Kiedy Denver występował lub nagrywał w latach 80-tych i wczesnych 90-tych, jego muzyka często służyła celom aktywistycznym. Odbył trasę koncertową po Związku Radzieckim i nagrał piosenkę „Let Us Begin (What Are We Making Weapons For?)” z rosyjskim wokalistą Alexandre Gradsky, a w 1992 roku został jednym z pierwszych zachodnich artystów pop, którzy odbyli trasę koncertową we współczesnych komunistycznych Chinach. Denver dał również koncert w Związku Radzieckim na rzecz ocalałych z katastrofy elektrowni atomowej w Czarnobylu, a jego specjalny program telewizyjny Rocky Mountain Reunion z 1980 roku, traktujący o zagrożeniu gatunków, zdobył kilka nagród.

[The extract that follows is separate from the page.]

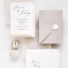 Ręcznie przygotowywane zaproszenie składające się z jednej lub dwóch kart o gramaturze 250 g/m2 wykończonych w kolorze złota lub srebra

Życie osobiste Denvera w jego późniejszych latach było mniej szczęśliwe. Po tym, co przyznał, były wielokrotne epizody niewierności, żona Denvera, Annie, poprosił go o rozwód w 1982 roku. Z drugiego małżeństwa, zawartego w 1988 roku z młodą australijską aktorką Cassandrą Delaney, urodziła się córka Jesse Belle, ale również zakończyło się rozwodem. Denver miał również problemy z uzyskaniem kontraktu z dużą wytwórnią płytową; jego ostatnie kilka albumów zostało wydanych w jego własnej wytwórni Windstar. „Jest coś, co nazywają ciemną nocą duszy”, powiedział Nash. „Przeszedłem przez to i przetrwałem”. Dwa razy na początku lat 90. Denver został aresztowany pod zarzutem prowadzenia samochodu po pijanemu.

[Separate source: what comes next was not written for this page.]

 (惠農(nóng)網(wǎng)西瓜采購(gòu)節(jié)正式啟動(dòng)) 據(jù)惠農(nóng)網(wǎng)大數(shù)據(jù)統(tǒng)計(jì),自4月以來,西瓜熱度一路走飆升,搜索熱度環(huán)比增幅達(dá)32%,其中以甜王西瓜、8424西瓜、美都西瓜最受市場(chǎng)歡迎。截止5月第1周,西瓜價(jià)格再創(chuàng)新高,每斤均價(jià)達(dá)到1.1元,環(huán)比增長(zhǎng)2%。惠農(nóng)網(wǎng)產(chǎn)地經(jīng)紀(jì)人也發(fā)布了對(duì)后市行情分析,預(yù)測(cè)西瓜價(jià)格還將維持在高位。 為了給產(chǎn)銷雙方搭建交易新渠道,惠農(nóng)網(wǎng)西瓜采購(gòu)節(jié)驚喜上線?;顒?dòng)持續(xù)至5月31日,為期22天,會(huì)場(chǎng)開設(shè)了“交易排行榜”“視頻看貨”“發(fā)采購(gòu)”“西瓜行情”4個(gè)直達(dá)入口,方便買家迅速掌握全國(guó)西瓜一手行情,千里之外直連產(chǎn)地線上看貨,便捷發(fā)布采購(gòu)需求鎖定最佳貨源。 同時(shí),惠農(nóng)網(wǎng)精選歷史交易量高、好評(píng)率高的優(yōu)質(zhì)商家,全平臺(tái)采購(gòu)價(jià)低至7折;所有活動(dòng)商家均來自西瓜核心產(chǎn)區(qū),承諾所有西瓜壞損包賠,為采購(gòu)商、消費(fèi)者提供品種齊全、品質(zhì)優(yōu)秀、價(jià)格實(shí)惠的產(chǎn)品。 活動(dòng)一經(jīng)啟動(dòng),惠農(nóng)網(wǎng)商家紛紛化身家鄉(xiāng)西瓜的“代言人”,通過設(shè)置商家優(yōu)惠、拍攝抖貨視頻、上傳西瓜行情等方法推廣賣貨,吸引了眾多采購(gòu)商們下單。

Jeden jasny punkt dla Denvera pochodził z jego hobby lotniczego, które podjął w połowie lat 70-tych. Ojciec Denvera nauczył go latać, a doświadczenie to pomogło w pojednaniu między ojcem a synem. Stał się doświadczonym pilotem, latał własnymi samolotami w Kolorado, podczas tras koncertowych i w Kalifornii, w rejonie Półwyspu Monterey, gdzie wynajął dom w Carmel, aby móc być blisko Delaney i Jesse Belle. To właśnie tam, latem 1997 roku, kupił od miejscowego weterynarza samolot Long EZ. Model samolotu został sklasyfikowany jako eksperymentalny, ale był dobrze znany wśród entuzjastów lotnictwa i Denver nie doświadczył żadnych problemów podczas lekcji w Santa Maria w Kalifornii.

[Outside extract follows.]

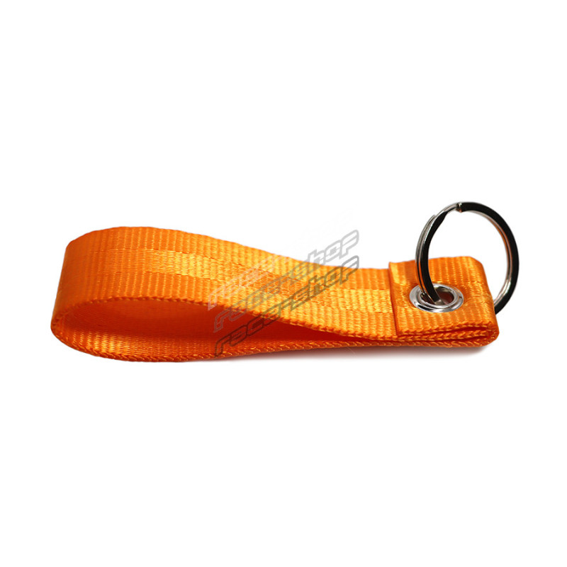 Seatbelt strap keychain, made entirely from seatbelt-like textile fabric.

W dniu 12 października 1997 roku Denver grał w golfa z przyjaciółmi i cieszył się na godzinę lotu swoim nowym samolotem nad oceanem. Kilka próbnych startów i lądowań przebiegło bez zakłóceń, ale najwyraźniej jeden z dwóch zbiorników paliwa samolotu został opróżniony. Późnym popołudniem gapie zobaczyli, że samolot Denvera runął do oceanu po tym, co wyglądało na awarię silnika. Piosenkarz prawdopodobnie zginął natychmiast. Licencja pilota Denvera, z powodu jego aresztowań za jazdę pod wpływem alkoholu, nie posiadała medycznego potwierdzenia wymaganego do jej legalności, a testy toksykologiczne zostały przeprowadzone na jego szczątkach, ale dały wynik negatywny. Uważa się, że Denver stracił panowanie nad samolotem, kiedy manipulował dźwignią, która przełączała dopływ paliwa do silnika z jednego zbiornika do drugiego. Po jego tragicznej śmierci nastąpił silny wybuch emocji wśród fanów, a w 2005 roku odbyła się premiera musicalu z jego piosenkami „Almost Heaven”. Spektakl, zauważył recenzent Variety Mark Blankenship, „oddaje wspaniały hołd artyście, który pozostaje świetny w sprawianiu, że ludzie czują się dobrze.”

Dodaj komentarz

Twój adres e-mail nie zostanie opublikowany.